In IPDA Debate, Martinez and Elroy faced one another in the finals, with Martinez earning first place as well as being named Oklahoma Champion, and Elroy ranking second. Martinez and Elroy tied for second place IPDA speaker, with Griggs earning fourth place.
The Individual Awards sweepstakes, the highest honor a student can achieve, requires competitors to participate in five interpretive events and debate. Elroy won the top prize, with Martinez claiming second place. Both competed in seven events.
Thanks to the success of the Aggies in the individual events and debate, they led the way in the team awards, placing second in team individual events open division and first place in team individual events in Oklahoma, team overall sweepstakes, team debate sweepstakes open division, and team debate sweepstakes in Oklahoma.
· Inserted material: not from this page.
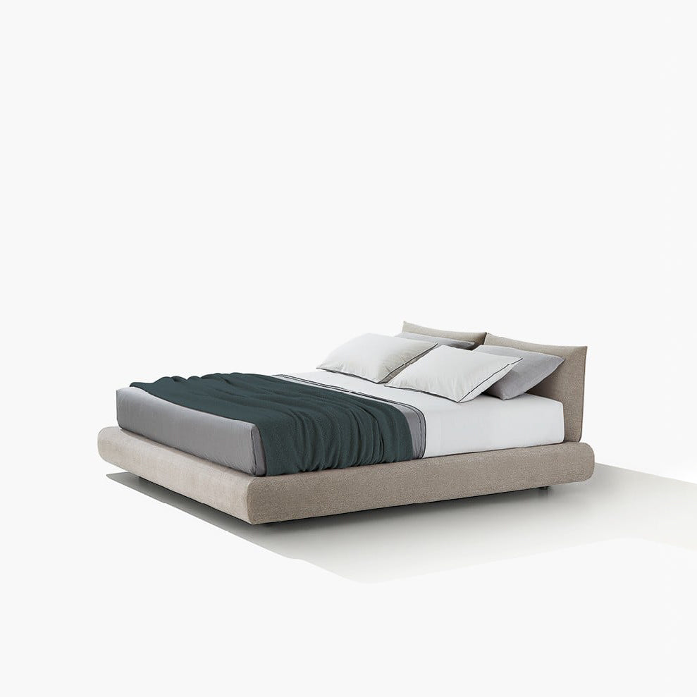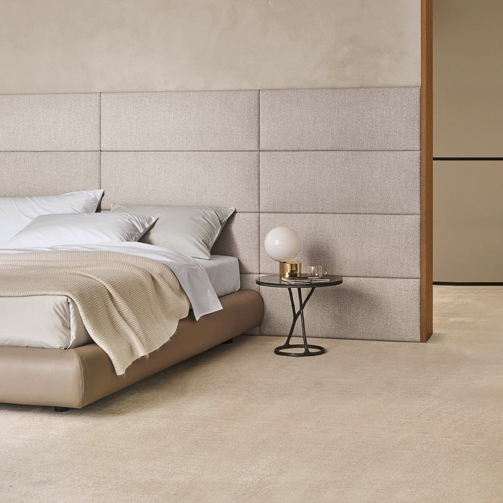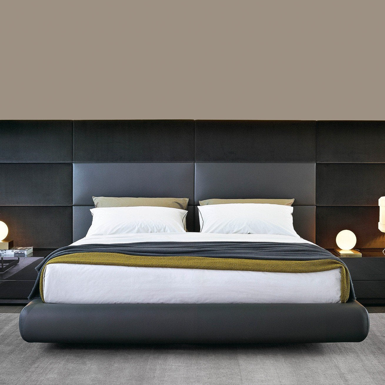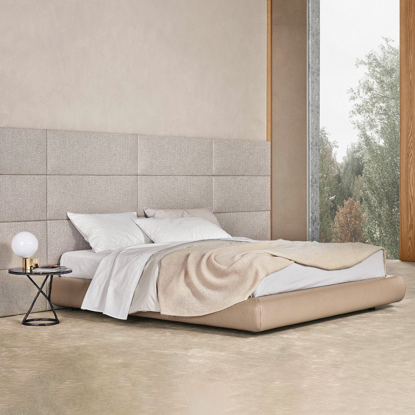 Dream is a bed with a contemporary feel that combines a base with rounded and essential lines with a system of cushioned panels, with which to furnish the sleeping area in an original and personalized way. Ideal both for homes and hotels, the bed is available in three versions: with wall paneling, where the panels, individually upholstered in fabric or leather, act as headboard and boiserie; with a cushioned headboard and without. The Dream bed is available with a fixed, anatomical, or folding bed base featuring a storage compartment. The optional pair of rollers makes it even more comfortable.

Those results culminated in winning the top prize of the tournament, the overall sweepstakes in Oklahoma.
“The pride I have in these four competitors is immense,” says Katie Stringer, director of CU’s forensics team. “Because the state tournament also welcomed teams from outside of Oklahoma, we were able to face competitors from schools that we would not normally see thanks to the virtual format. Certainly, we would love to return to in-person competitions, but competing virtually has in some ways allowed our team members to fine-tune their skills. They have each put in countless hours of preparation, and it’s rewarding to see that their efforts brought such outstanding results.”